The chemical and physical characterization of crude, partially refined, and fully refined petroleum products is a common practice in the petroleum industry. Characterizations such as compositional and physical property determinations are used for a variety of purposes. One of their more important uses is when they are done in combination with hydrocarbon well testing to assist in optimizing oil production from a single or series of hydrocarbon wells. Another important use is during the transfer of crude petroleum oil, as occurs during the production, transport, refining, and sale of oil. The accurate determination of water content and validation of the amount of water in crude oil is particularly important during the taxation of crude oil and the sale of crude oil, where the owner or seller of the oil does not want to pay taxes on water and the customer does not want to pay the price of oil for water. For example, it is well know to a person having ordinary skill in the art of petroleum engineering that crude petroleum oil emerging from production wells can contain large amounts of water, ranging from generally about 1% to as high as about 99% water. This value is known as the water cut (“WC”).
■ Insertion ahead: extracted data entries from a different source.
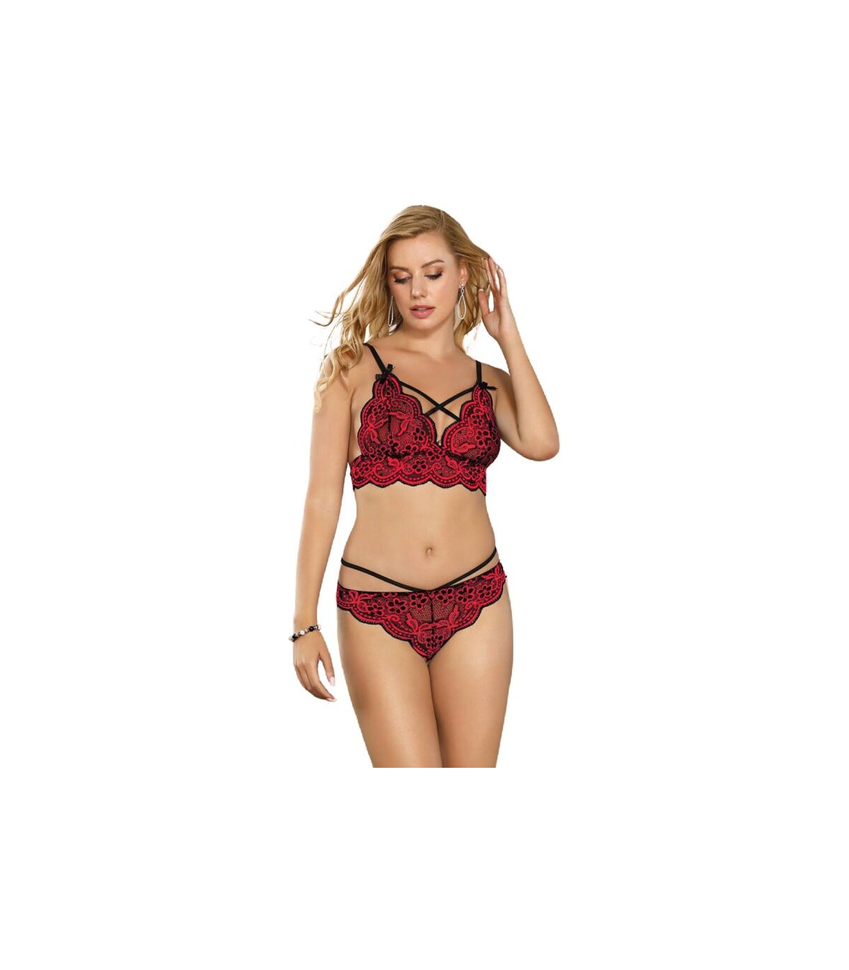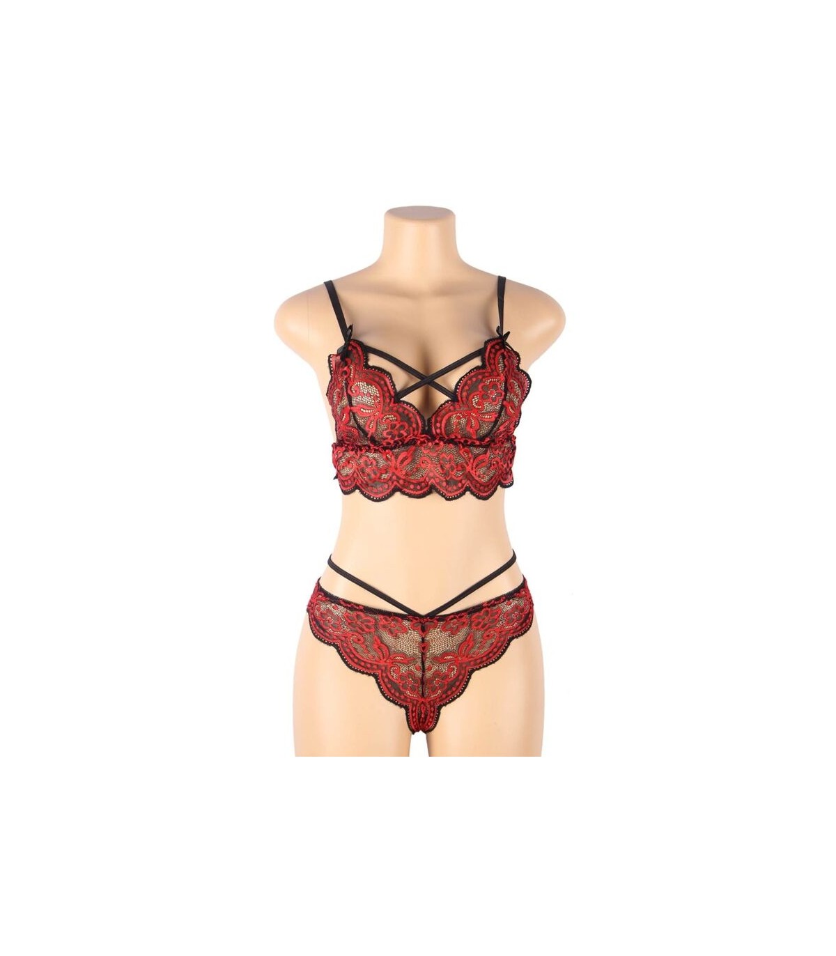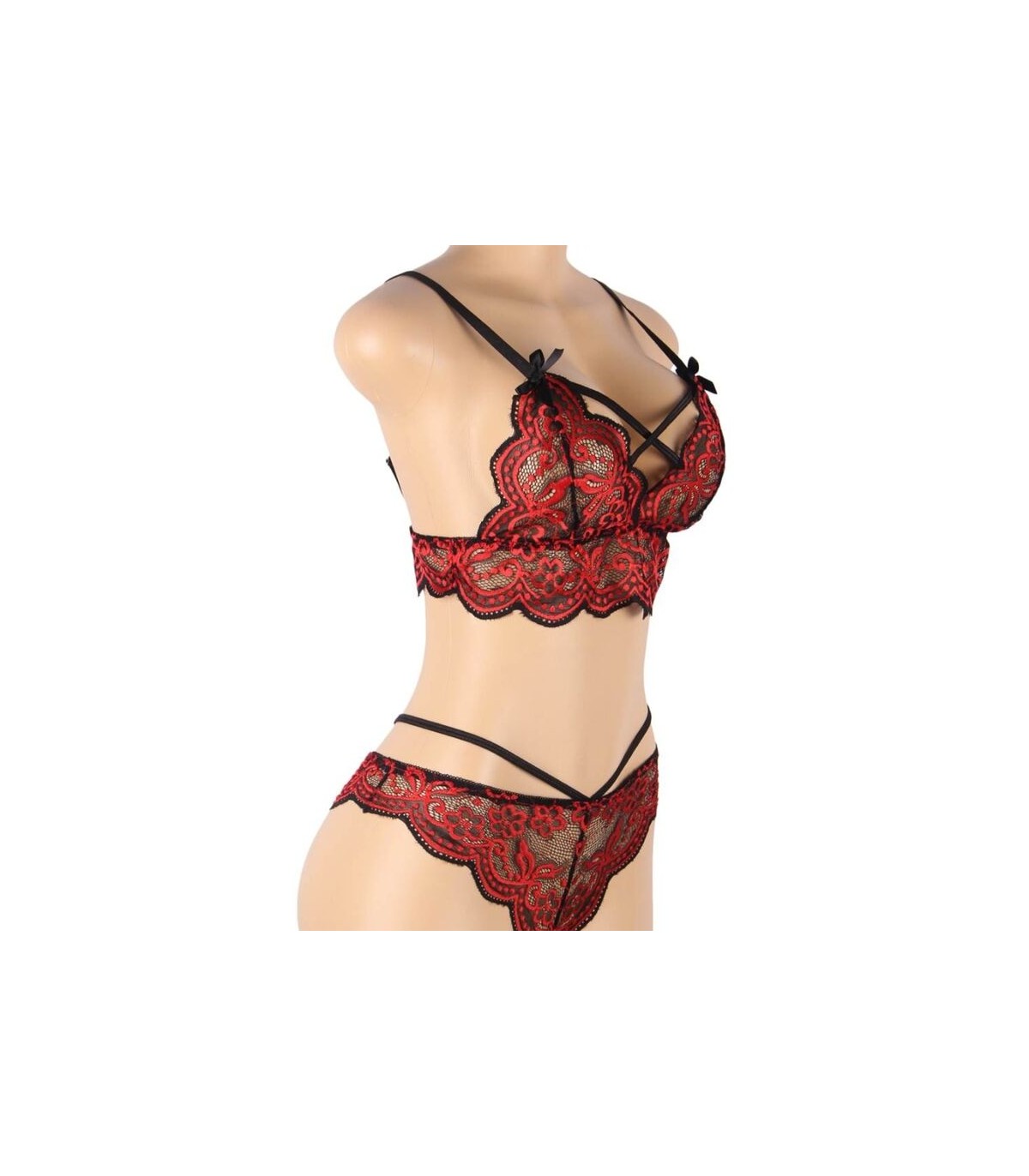 • Compuesto por sujetador y tanga de encajes
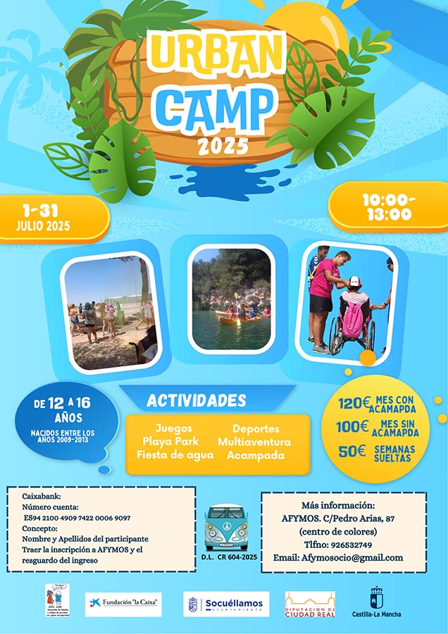 Este campamento es una opción alternativa a los campus deportivos, ya que ofrece multitud de actividades tales como gymkhanas, piscina, manualidades, fiesta holi (polvos de colores), multiaventura. Además, se realizarán dos excursiones; una a Playa Park (Parque acuático de Ciudad Real) y otra una acampada en el Parque Natural de la Lagunas de Ruidera.
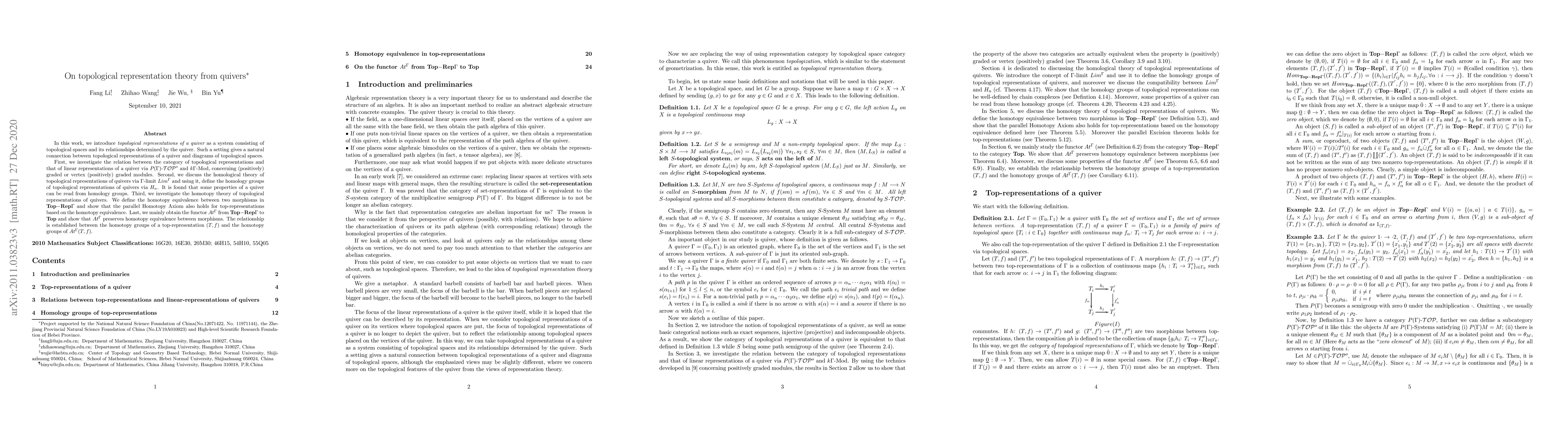 This paper introduces topological representations of a quiver, linking them to diagrams of topological spaces and investigating their connections to linear representations. It develops a homological theory and explores homotopy theory, demonstrating the preservation of homotopy equivalence under a functor.
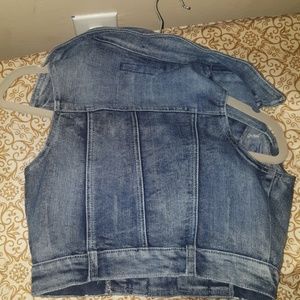 Ligh color jean jacket. Sleeveless. Zipper pockets
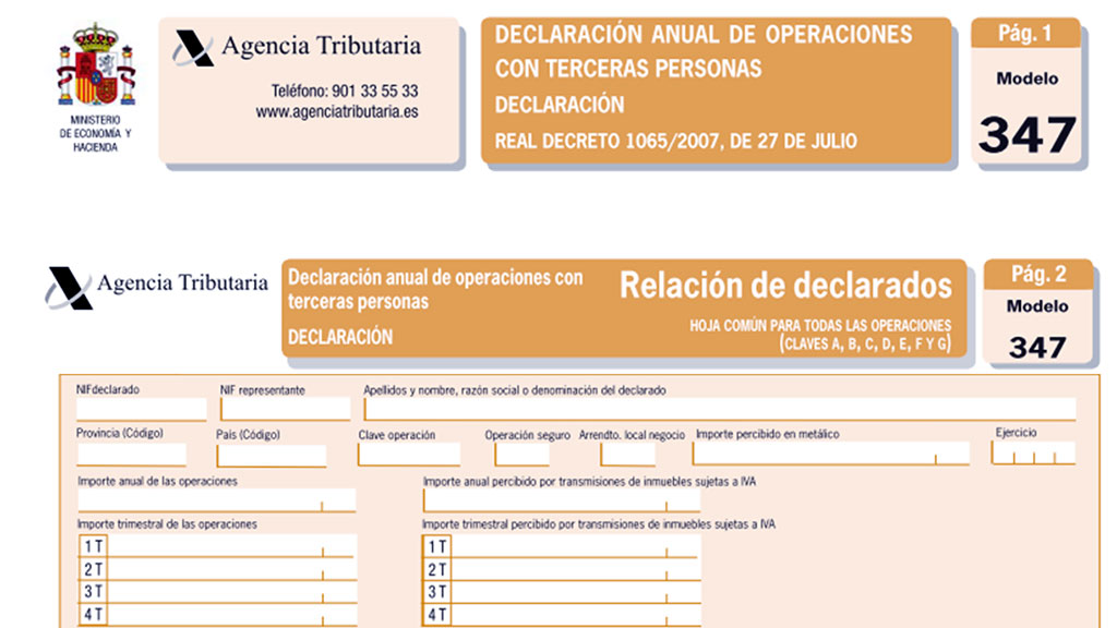 El Modelo 347 es la declaración de operaciones con terceros, es un modelo informativo, es decir, no supone el pago o devolución de importe alguno.
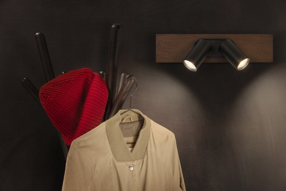 Plafonniers en matériaux mixtes avec spots GU10 orientables et gradables. Caractéristiques du produit: La famille de luminaires comprend quatre versions avec jusqu'à 4 têtes de spot. Matériau du boîtier : métal et bois. Interrupteur marche/arrêt sur la version à 1 tête pour une utilisation facile. Têtes ajustables. Avantages du produit: Apparence et sensation de haute qualité. Corps de haute qualité avec surface blanche ou noire mate. Flexible grâce aux lampes LED remplaçables. Lampe OSRAM à intensité variable incluse. Montage simple. Zones d'application: Applications intérieures. Couloirs, halls d'entrée, cages d'escalier, pièces à vivre, sous-sols. Cuisines, espaces de travail. Montage au plafond et au mur. Technique / Accessoires: Accessoires de montage et de connexion complets fournis. Conseils de sécurité: Tous les branchements électriques doivent être effectués par une personne qualifiée.. Attention, risque de choc électrique.. Produit de classe de protection I. Toutes les pièces métalliques conductrices d'électricité du boîtier qui peuvent absorber une tension pendant le fonctionnement ou pendant la maintenance en cas de défaut doivent être reliées en permanence au conducteur de protection..

During operation of a high water cut oil well, the oil and water mixture can ideally be considered as a dispersion of oil in water wherein the water is the continuous phase and the oil exists as droplets within the continuous water phase. At water cuts above about 80%, the water is usually the continuous phase and so droplets of the oil are dispersed within the water phase. Additionally, a high water cut oil well typically produces oil with a daily average water cut that can shift over several days or weeks of operation. This is especially true as the oil-bearing formation becomes depleted of oil, resulting in higher and higher amounts of water exiting from the well. However, an oil well is not an ideal system and its compositional behavior can be quite dynamic and random over a period of time as short as several seconds or minutes. For example, water flooding (e.g. water injection from above the ground down into the subterranean oil-bearing formations) can be used to push and carry oil up to the surface of the Earth. At any given moment, more or less water can enter the oil well drill string. This can cause variation in the amount of water in the flow stream exiting from the well. Additionally, as the oil and water mixture travels up the drill string (which can be as long as a mile or more), oil droplets can coalesce into larger collections, or “slugs”, of oil. A slug of oil can be considered to be a high concentration of oil with a reduced level of entrained water. Such coalescence of oil then can cause variation in the amount of water exiting a well at any given moment. During operation of a well experiencing oil coalescence, slugs of oil with reduced amounts of water and slugs of water with reduced amounts of dispersed oil can exit from the well. Thus, a water content determination system in contact with the discharge of such a well will be measuring the water content of such slugs.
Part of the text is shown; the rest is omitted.